Goal of the exercise. Give back, word for word, only the lines from the opening of the records through the one with "3. 한성우, Untitled, oil". Pictures stay out.

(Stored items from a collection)
--------

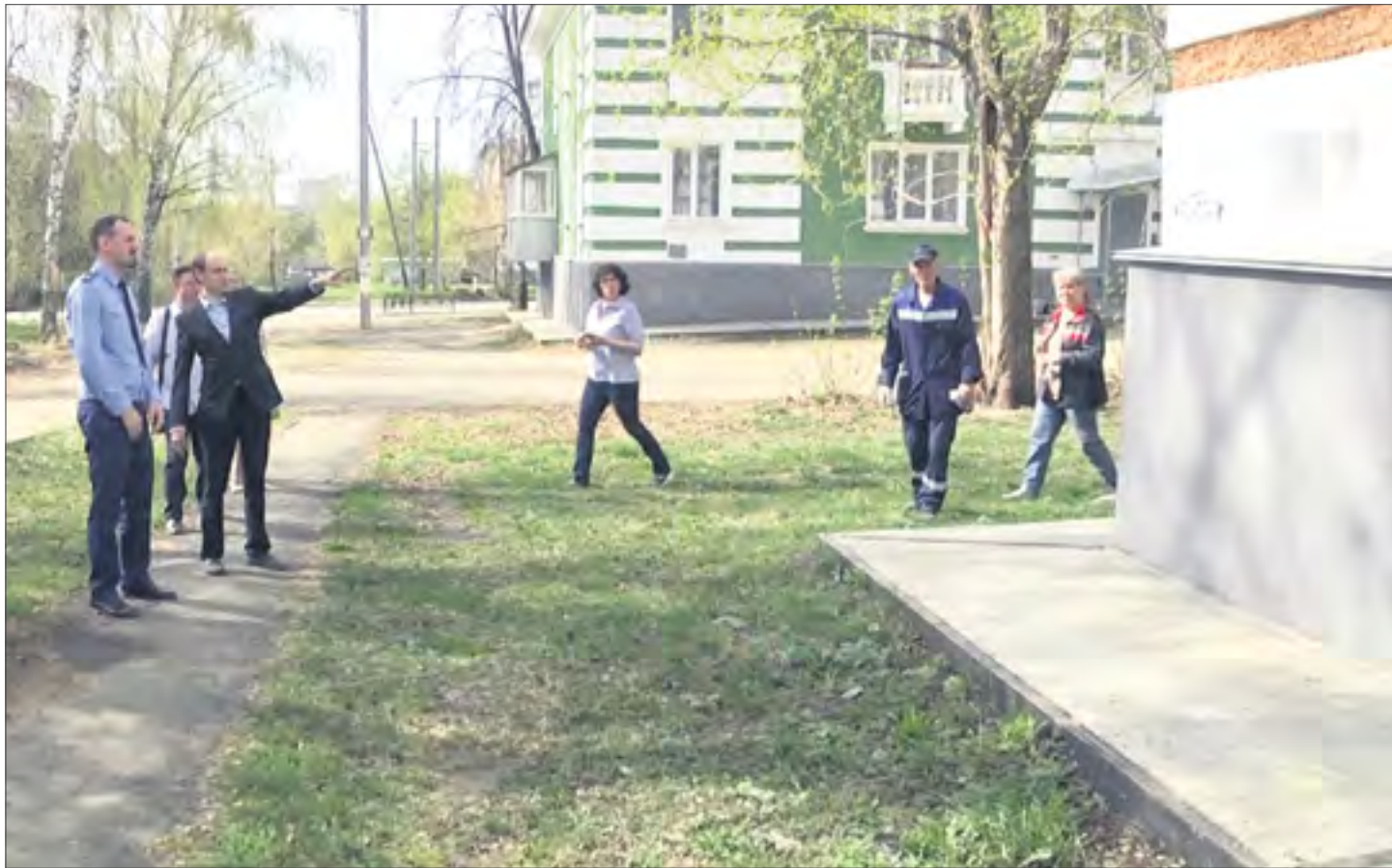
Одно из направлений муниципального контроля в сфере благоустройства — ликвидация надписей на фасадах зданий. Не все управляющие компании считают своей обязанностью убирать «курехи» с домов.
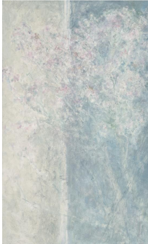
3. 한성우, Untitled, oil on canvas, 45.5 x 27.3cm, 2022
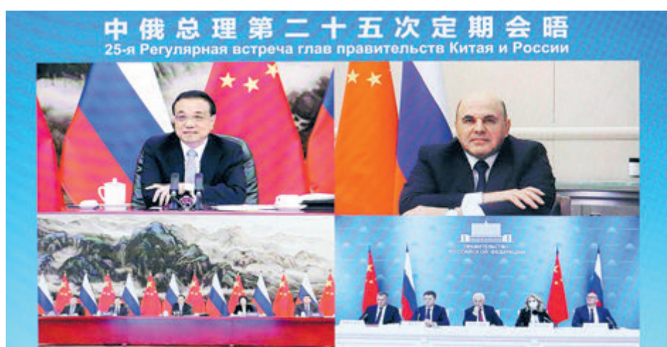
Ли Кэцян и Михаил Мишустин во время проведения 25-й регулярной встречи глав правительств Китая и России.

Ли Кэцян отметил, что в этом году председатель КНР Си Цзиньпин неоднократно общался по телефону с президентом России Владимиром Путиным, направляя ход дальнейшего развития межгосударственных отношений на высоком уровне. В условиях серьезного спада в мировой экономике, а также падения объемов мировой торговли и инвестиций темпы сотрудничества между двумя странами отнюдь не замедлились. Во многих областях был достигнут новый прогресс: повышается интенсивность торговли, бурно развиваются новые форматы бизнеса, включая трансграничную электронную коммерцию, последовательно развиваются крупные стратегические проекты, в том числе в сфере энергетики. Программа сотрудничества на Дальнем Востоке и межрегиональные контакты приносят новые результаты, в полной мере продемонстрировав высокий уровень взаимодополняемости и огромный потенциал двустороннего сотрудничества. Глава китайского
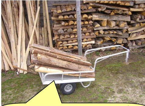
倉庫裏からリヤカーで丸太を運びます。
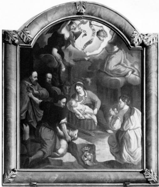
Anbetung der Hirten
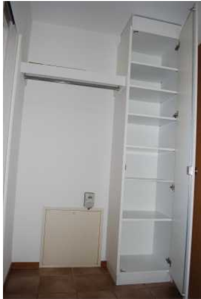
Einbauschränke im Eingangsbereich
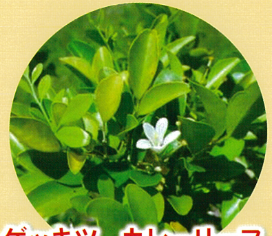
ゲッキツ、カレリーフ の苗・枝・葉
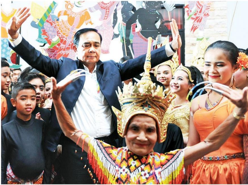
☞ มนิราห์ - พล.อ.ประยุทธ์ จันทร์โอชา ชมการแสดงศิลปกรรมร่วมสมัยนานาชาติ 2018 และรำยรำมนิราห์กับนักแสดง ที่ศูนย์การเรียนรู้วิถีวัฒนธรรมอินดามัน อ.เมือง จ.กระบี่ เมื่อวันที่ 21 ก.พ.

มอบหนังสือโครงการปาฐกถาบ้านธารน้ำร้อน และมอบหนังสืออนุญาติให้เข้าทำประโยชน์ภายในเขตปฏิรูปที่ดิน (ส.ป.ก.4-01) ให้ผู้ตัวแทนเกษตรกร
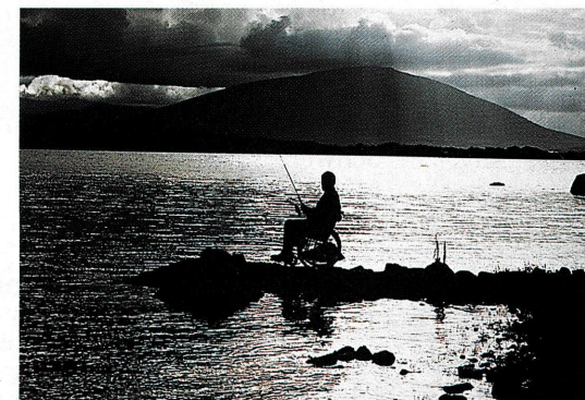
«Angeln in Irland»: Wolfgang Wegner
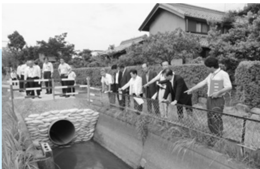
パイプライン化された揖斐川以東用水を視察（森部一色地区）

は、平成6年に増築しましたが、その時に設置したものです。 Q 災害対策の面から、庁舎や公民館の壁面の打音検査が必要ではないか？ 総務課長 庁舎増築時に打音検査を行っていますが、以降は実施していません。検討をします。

--------

Your solution.
Одно из направлений муниципального контроля в сфере благоустройства — ликвидация надписей на фасадах зданий. Не все управляющие компании считают своей обязанностью убирать «курехи» с домов.
3. 한성우, Untitled, oil on canvas, 45.5 x 27.3cm, 2022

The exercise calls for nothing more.